One thing that I have noticed among professional economists is that the ongoing recession and perhaps the oncoming depression has taken away the possibility of ideological neutrality. Again, while I am not a citizen of the US, it is noticeable that the more reasonable blog writers are debating what the administration of the incumbent could have done differently while debating whether president-elect Obama will have more or less options.
In the view of a number of respectable economists, the main argument is whether a recession such as is being faced by most of the large economies in the world today has obvious policy remedies. For instance, the economists that conventionally favor government intervention would argue for the government to institute a large stimulus package to get consumption going and avoid more job losses than would otherwise occur. In opposition to these Keynesians are the monetarists who maintain that the most appropriate approach is to concentrate on reducing taxes further in order to enable banks to lend to entrepreneurs who may then spur economic activity. In the view of the monetarists, the failure of the present businesses or banks should not be used for more intervention than is required.

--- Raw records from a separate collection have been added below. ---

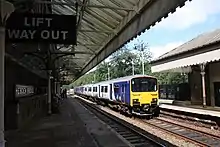 Westbound there are three trains per hour to Manchester Victoria (hourly evenings and Sundays), and an hourly service to Blackpool North via Burnley Manchester Road and Blackburn (direct weekday services there were temporarily stopped in November 2017 but have resumed from the May 2019 timetable change). One of the Manchester trains is a limited-stop service, calling at Todmorden and Rochdale only, whilst the service via Dewsbury continues to Wigan Wallgate.[11] The other Manchester service now extends through to Warrington Bank Quay and Chester.
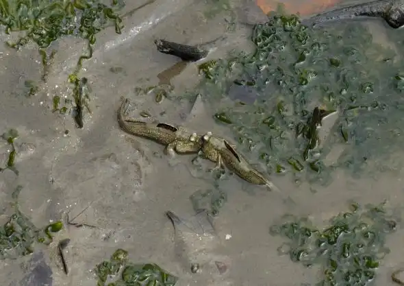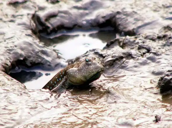 Внешне илистые прыгуны больше похожи на амфибий, чем на рыбу. Да и образ жизни у них отчасти совпадает с земноводными. Длина этой рыбки не превышает 15-20 сантиметров. Все ее тонкое серо-коричневое тело усеяно различными темными пятнами и серебристыми блестками. Непропорционально большую голову украшают выпуклые на макушке глаза и огромный рот. Передние плавники больше похожи на лапки, при помощи которых она выбирается из воды на сушу.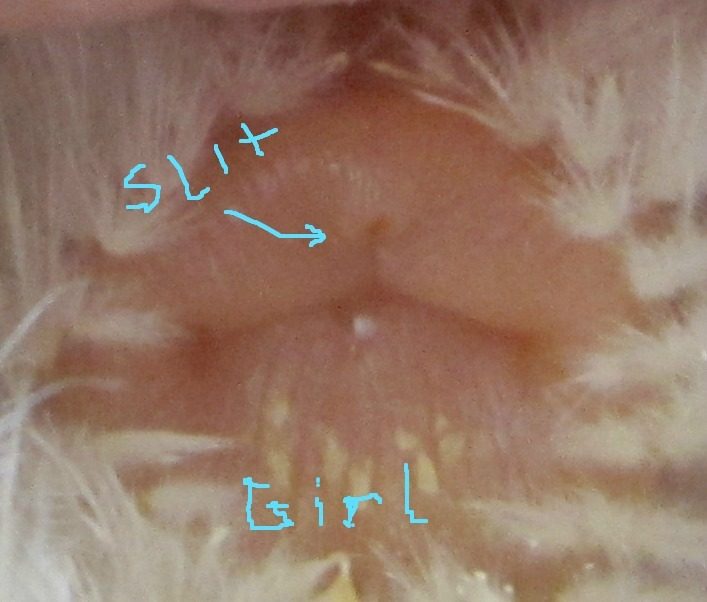 Below is what a girl looks like see the slit on the top part of the cherrio? This was when she was a chick.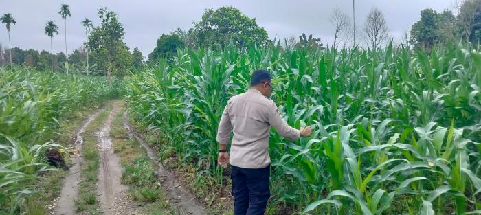 SIJABERITA, OKUTIMUR, Pulau Negara – AIPTU PRIYO, Anggota Bhabinkamtibmas Polsek BP Peliung, melaksanakan cek dan kontrol perkembangan pertumbuhan jagung di Lahan Ketahanan Pangan Polsek BP Peliung, Desa Pulau Negara, Rabu (4/2/2026) 🌾. Lahan seluas 1 hektar ditanami jagung 📢.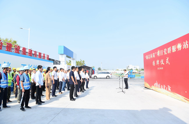 9月1日上午,城發(fā)公司“城芯同筑”項(xiàng)目黨群服務(wù)站揭牌儀式在園區(qū)智慧信息產(chǎn)業(yè)園項(xiàng)目部現(xiàn)場舉行,園區(qū)黨工委委員、管委會副主任、園區(qū)機(jī)關(guān)及直屬單位黨委書記崔廣全,園區(qū)黨工委委員、管委會副主任、園區(qū)國資國企黨委書記張漢華,城發(fā)公司管理層及全體黨員,五礦二十三冶華東分公司和江蘇華盛監(jiān)理公司黨員代表參加活動(dòng)。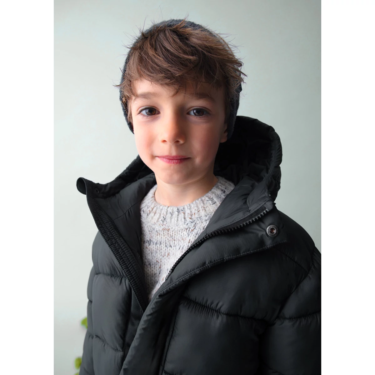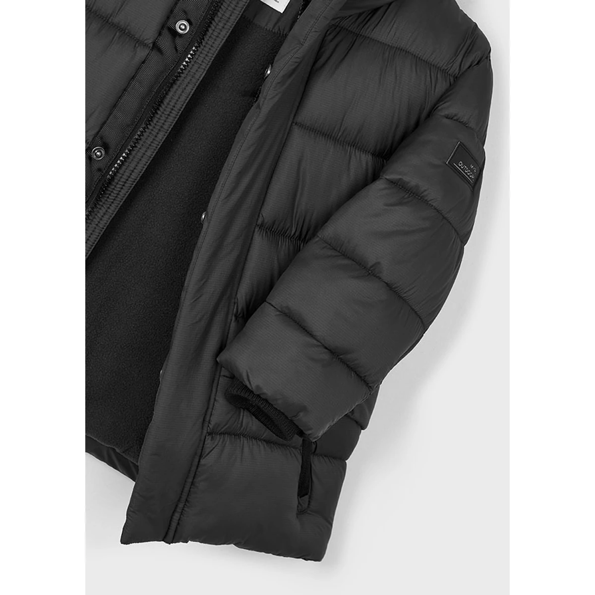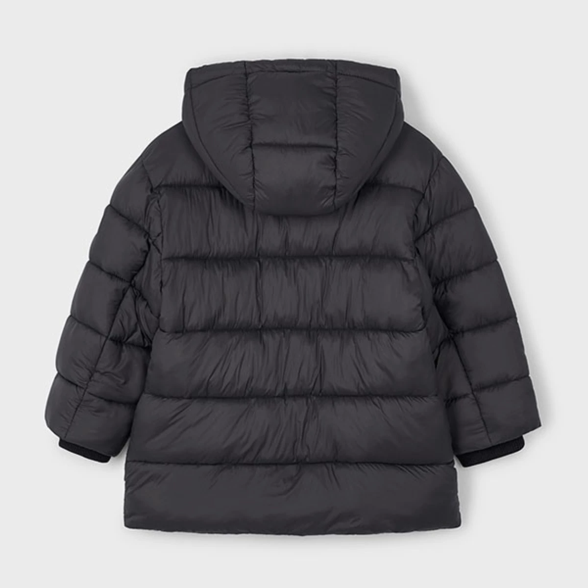 Mayoral hosszú fazonú steppelt kapucnis télikabát kapucnival , cipzárral és rejtett patentokkal záródik, oldalt cipzáras zsebekkel, pamutpasszés ujjakkal, belül plüss béléssel, vastag töltettel, egyenes fazonnal, vállán apró logóval díszített. Kényelmes viselet télre. 2025 TÉL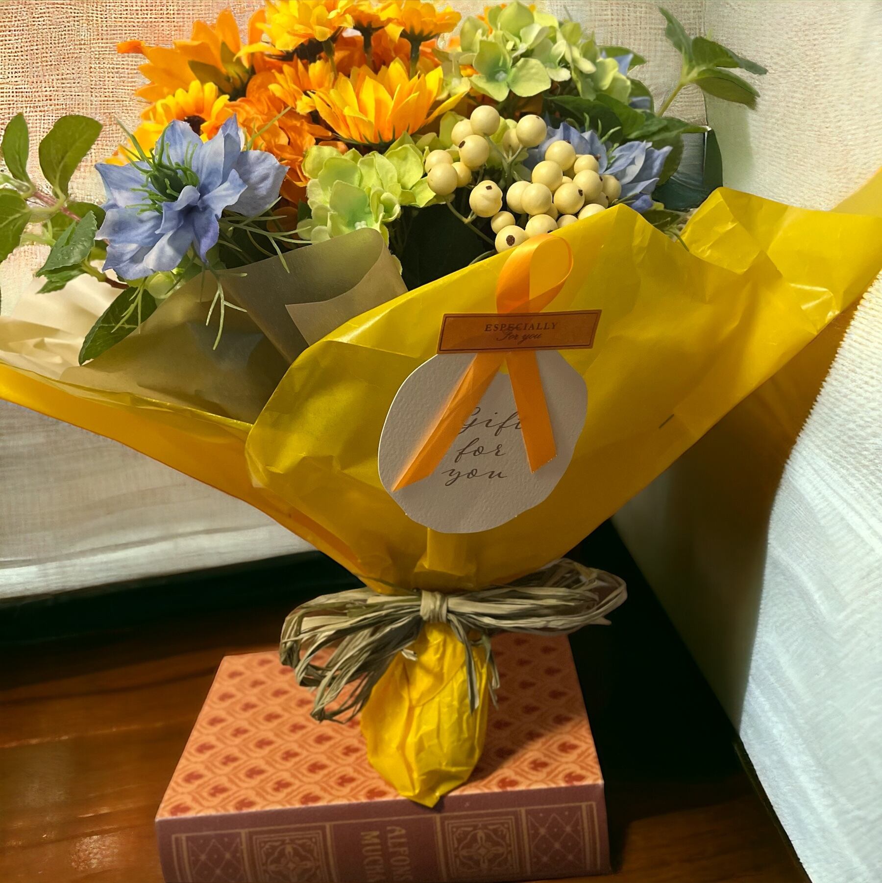 この「ヒマワリとニゲラのブーケ」は、夏の太陽を思わせる鮮やかな色合いが特徴です。
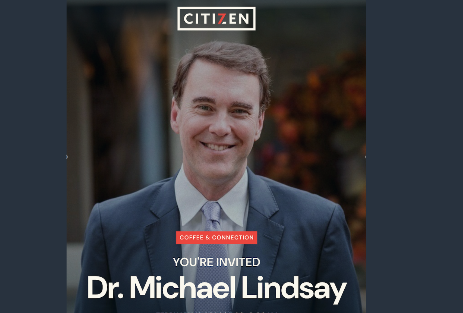 Join us for our first Citizen 7 Coffee & Connection of 2026 on Wednesday, February 18th, from 7:30–9:00 AM at Meridian Hills Country Club. We’re excited to welcome Dr. Michael Lindsay, President of Taylor University, as our guest speaker.
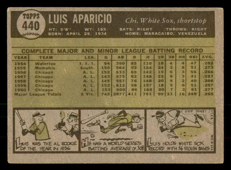 1961 Topps Baseball #440 Luis Aparicio White Sox VG-EX 541295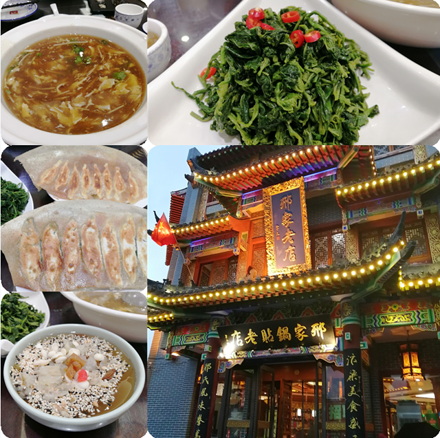 整个下午在酒店里喝茶看剧,很愉快的度假哦。晚餐搜到了附近的美食:邢家锅贴。出酒店左转步行约400米。古香古色的高大门头,很是气派!大堂灯火辉煌,已有不少客人。服务员态度很和气,热情推荐食谱。初次到来,首点特色锅贴,必点啊!大肉韭黄和什锦锅贴,看那金黄色的锅底焦面,酥脆。馅料香而不腻。凉菜:巧拌桑叶苗,第一次食用,非常好吃。甜品:杏仁茶,在洛阳没品尝,今儿个非得尝尝,我感觉就是藕粉调制的,回到家里也做过,纯正的杏仁粉根本调不出这软糯的透明汤料。二个人点菜真的是不好点,一个少了二个多了,来个汤:开封三狠汤,名字很霸气,其实就是酸辣汤,哈哈,不过味道是真的非常好,是我喝过的最好的酸辣汤。二个人尽了全力,还是浪费了一些。吃的太饱,出门右转沿着内顺城路往清明上河园散步消食。

Going back to the US, it is clear that in spite of his conservative orientation, president Bush and policy advisers designed the large plan totalling US$ 700 billion to cushion banks from further collapse. There's much to say for the design and the size of the package as the numbers are not informed by any scientific rule. To a large extent, the Treasury and the Federal Reserve Bankers are making educated guesses about what is required. In spite of this, it is clear that this is hardly enough and the incoming administration is arguing for a proper stimulus plan in order to forestall catastrophic contraction and job losses. The Obama team is defining this as a programme designed in the fashion of the New Deal that was put together by president Roosevelt.
Judging from the press, a number of economists who are possibly market purists keep arguing that the New deal was not only a waste of public resources but also harmful overall. William Anderson's post on the Foundation for Economic Education's site here sets out the arguments. In fairness though, there are also professional economists such as Martin Feldstein who advised President Reagan who favour a measure of government intervention today. As stated in this story, the conventional narrative has been adjusted and it appears that public spending in tandem with tax cuts is considered a reasonable response for the moment.
While my orientation id decidedly libertarian on many issues, I think that Keynesian response is reasonable in light of the fact that there's been a significant reduction in employment and that contraction of the economy is clearly evident. In spite of this, I am less clear what the size of the stimulus ought to be but agree with Paul Krugman in the statement that it would be better to err on the side of a larger rather than a smaller one. He explains the stimulus arithmetic on his blog post here.
Finally, one of the positive things that emerges is that the arguments are well-placed and the policy responses properly debated. this means that the major economies are now a virtual laboratory for testing the ideas and to help in resolving the arguments when the expected results show. All we can do is wait and see whether the pure monetarists are vindicated. Teachers and students of macroeconomic theory will greatly benefit from this.